We're launching SchoolTool 2.0 tomorrow, so I don't have time for the long post, but it would also help to clear my mind on the issue before the "workday" starts. So, briefly...
Both Dana and Alexander spend some time subdividing the 1%, pointing out than many are in fields other than banking (e.g., tech) and/or are Democrats. This is entirely beside the point. The slogan is "We are the 99%," not "We are the Democrats" or "We are not bankers." Democrats are not valuable friends of public education anymore.
Contemporary school reform is a wholly-owned subsidiary of the 1%. If the 30 richest people in the country and their money were raptured tomorrow, it would have a devastating effect on the school reform enterprise.
Everyone working in school reform is not in the 1%, but they are probably funded by the 1%, or working for public money that is being actively leveraged (a word reformers like to use in this context) by the 1%. Everyone who works at Bank of America isn't rich, but it doesn't mean you can't criticize Bank of America.

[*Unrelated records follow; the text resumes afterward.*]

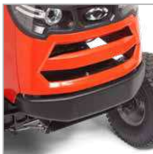
STALEN BUMPER & LED-KOPLAMPEN De stalen stootbumper vooraan maakt de zitmaaier nog duurzamer.
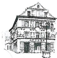
Kamienica „Pod Bykami”
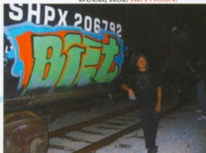
BIETH. DE MEXICO EN CHICAGO.
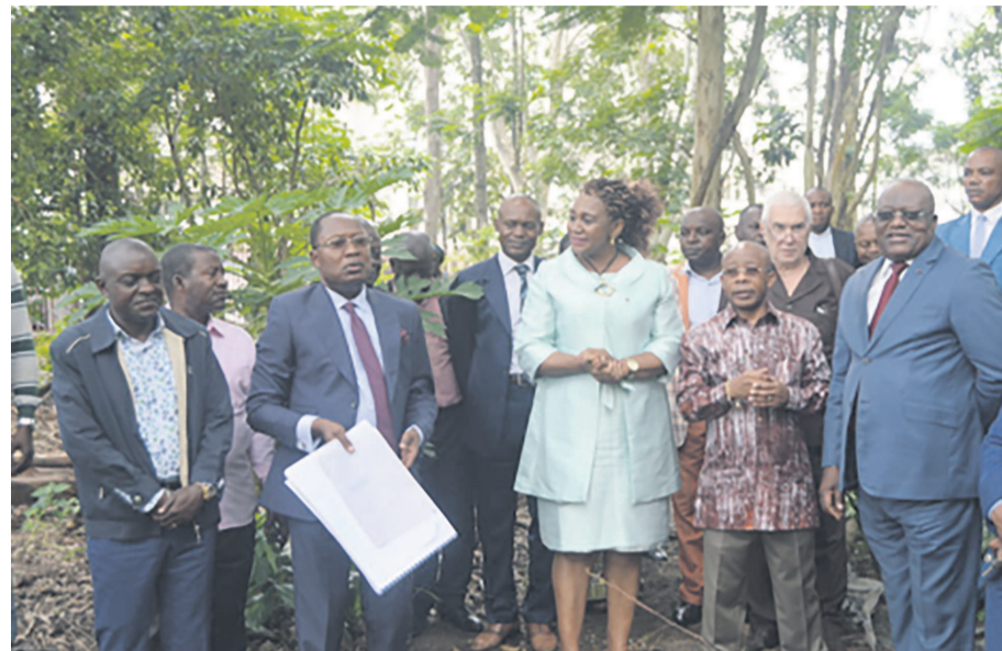
Les membres du gouvernement avec les responsables de la Fécofoot sur le terrain où sera construit le siège.

Après la procédure qui passe par le déclassé du domaine public où sera érigé le siège de la Fédération congolaise de football (Fécofoot) et l'attribution, les travaux de construction peuvent maintenant commencer, a expliqué l'architecte Gilles Prime.
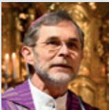
Josef Grünwidi , Erzbischof von Wien, in seiner Predigt beim Festgottesdienst am 11. März 2026 bei der Frühjahrsvollversammlung der Bischofskonferenz in Pischelsdorf

„Ich vertraue darauf: Unsere Kirche wird jesuanischer und evangeliumsgemäßer, wenn wir synodal – gemeinsam auf dem Weg – sind, mehr auf die Stimmen der Frauen hören und sie in Entscheidungsprozesse einbeziehen. Freilich müssen dafür kirchliche Vorschriften und jahrhundertealte Traditionen geändert werden. Aber der Blick auf Jesus, der sich, wenn notwendig, über jüdische Gebote und religiöse Traditionen hinweggesetzt hat, um den Willen Gottes erfüllen zu können, sein Umgang mit Frauen und die feste Überzeugung: ‚Was vom Heiligen Geist kommt, kann das Kirchenrecht nicht aufhalten!‘, machen mir Hoffnung.“
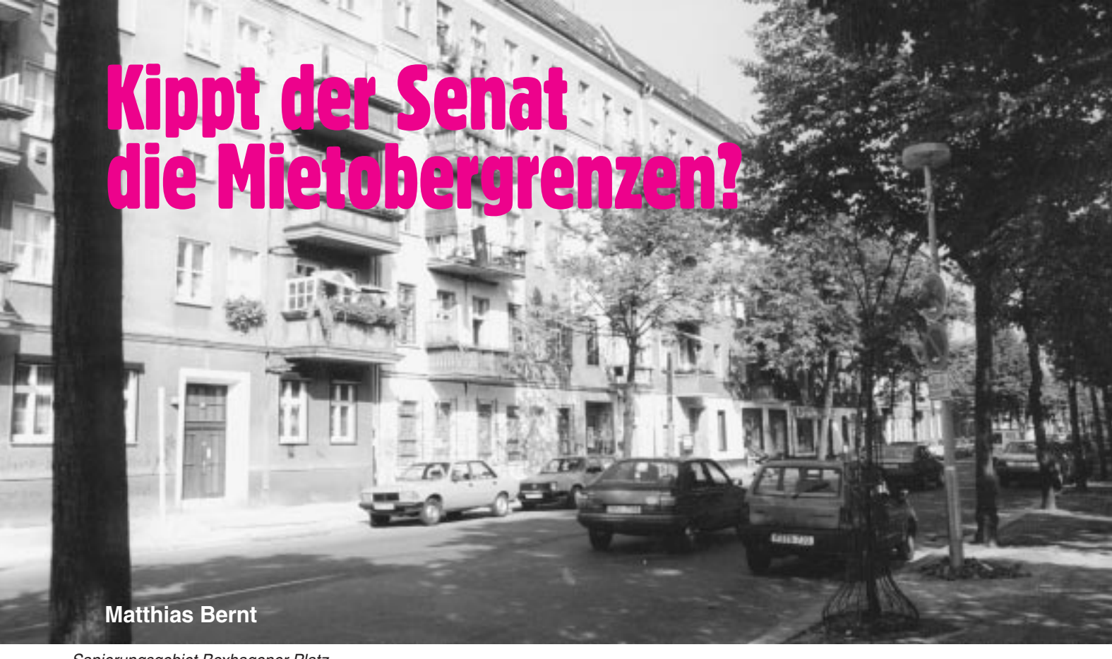
Sanierungsgebiet Boxhagener Platz

Mieter in den Ostberliner Sanierungsgebieten müssen künftig mit erheblichen Mieterhöhungen rechnen. Denn wie erst jetzt bekannt wurde, hat Senator Strieder (SPD) am 24.Oktober erstmals einem Widerspruch von Eigentümern stattgegeben, die gegen die ihnen vom Bezirk Prenzlauer Berg auferlegte Mietobergrenze klagten. Diese gilt bislang für fünf Jahre und soll die Mieten nach Modernisierung auf ein sozialverträgliches Niveau drücken, um eine Verdrängung ärmerer Bevölkerungsschichten zu verhindern.
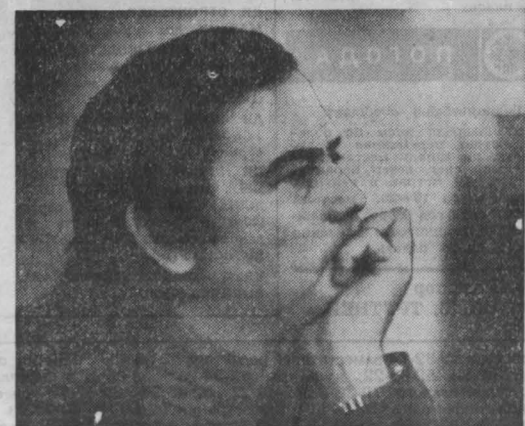
Писатель Валентин Распутин.

На повторных гастролях в Москве, состоявшихся в 1978 году, сразу три спектакля служили «визитной карточкой» афиши иркутского театра. Комедия А. Вампило-
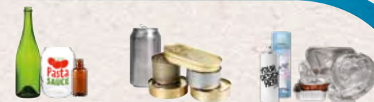
Stikla pudeles un burkas

Saplaciniet bundžas un plastmasas pudeles
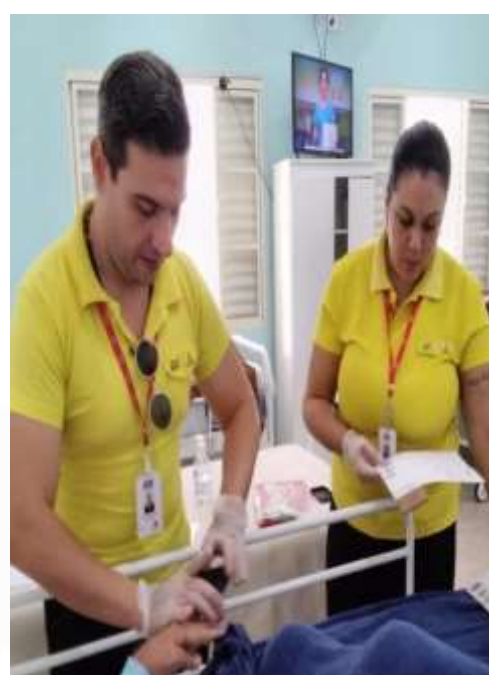
14.03-Atendimento no leito

Same for KIPP.
Alexander writes:
...reform opponents need to make sure not to discredit themselves by trying to turn Democratic-funded philanthropies and well-intended nonprofit CMOs into Wall Street or heartless corporations...
I think the inverse is even more true: reformers have to make sure to not discredit themselves through tacit or explicit opposition to the Occupy movement, because we may indeed be in the beginning of a profound crisis of legitimacy in American institutions, and education is very much a part of that process (e.g., UC Davis last weekend).